Figure 4. Identification of microRNA-212 as a potential regulator of HB-EGF expression.

A) Top 20 genes putatively targeted by miR-212. The numbers next to the gene symbols are p-values. Red: higher gene expression, Green: lower gene expression. B) Relative expression of top 10 miRs targeting HB-EGF in SCC1 and 1Cc8. C) Relative expression levels of miR-212 and HB-EGF in 34 HNSCC cell lines and a keratinocyte cell line. HB-EGF expression data were obtained from DNA microarray analyses and miR-212 expression data were obtained from TLDA microRNA arrays.

Figure 5. MicroRNA-212 regulates HB-EGF expression in cetuximab resistant cells.

A) Pro-HB-EGF expression following the transfection with miR-212 mimics in three cetuximab resistant cell lines. B) Growth inhibition rate of 1Cc8 cells with exogenous miR-212 mimics, cetuximab or a combination of miR-212 mimics and cetuximab measured by colony formation assay.
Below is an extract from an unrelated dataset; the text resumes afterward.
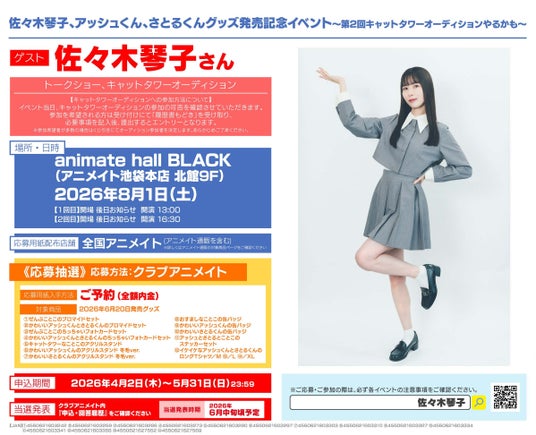 全国アニメイト・アニメイト通販にて2026年6月20日(土)発売の「佐々木琴子さん」グッズをご予約内金(通販は注文時の決済)3,000円(税込)毎にイベント応募シリアルを1つプレゼントいたします。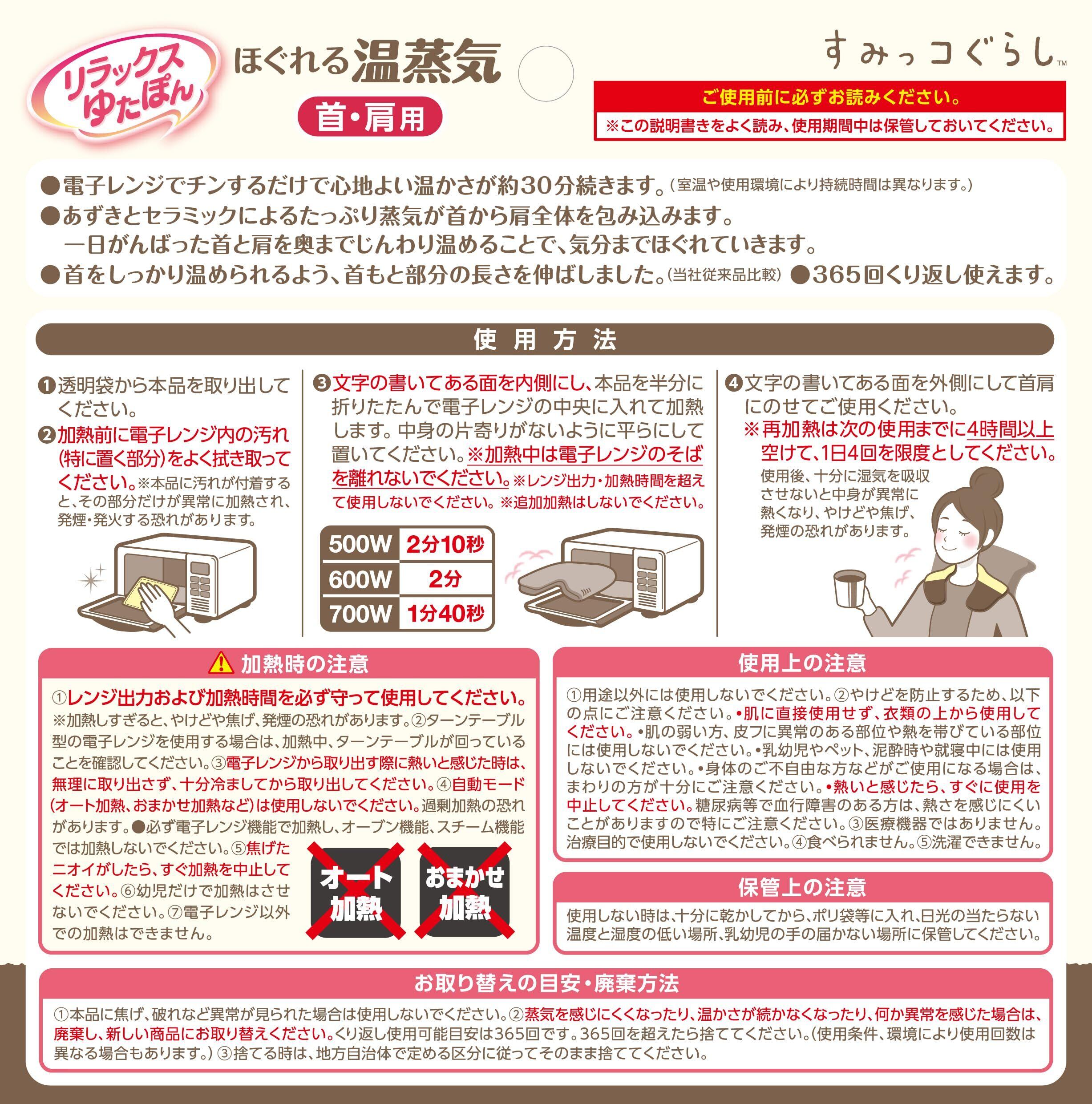 ・あずきとセラミックによるたっぷり蒸気が首から肩全体を包み込みます。

C) MicroRNA-212 directly regulates HB-EGF by binding to the 3′ untranslated region of HB-EGF in cetuximab resistant 1Cc8 cells while it was not significant in cetuximab sensitive SCC1 cells (*, p = 0.47; **, p = 0.038). RLU – Raw Light Units. D) Growth rate comparison of SCC1 cells in the presence of cetuximab, exogenous miR-212 inhibitor, or a combination of miR-212 inhibitor and cetuximab measured by colony formation assay.
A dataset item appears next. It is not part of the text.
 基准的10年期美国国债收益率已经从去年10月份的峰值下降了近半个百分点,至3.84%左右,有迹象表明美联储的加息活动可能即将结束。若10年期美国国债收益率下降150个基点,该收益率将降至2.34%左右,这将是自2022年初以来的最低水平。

Figure 6. The HB-EGF levels in patients with HNSCC.

A) Relative expression levels of five ligands in one normal oral mucosa and six tumors from patients with HNSCC. B) HB-EGF protein levels in plasma from patients with HNSCC. “Primary” plasma samples were taken at the time of diagnosis. “Recurrent” samples were taken at the time of recurrence.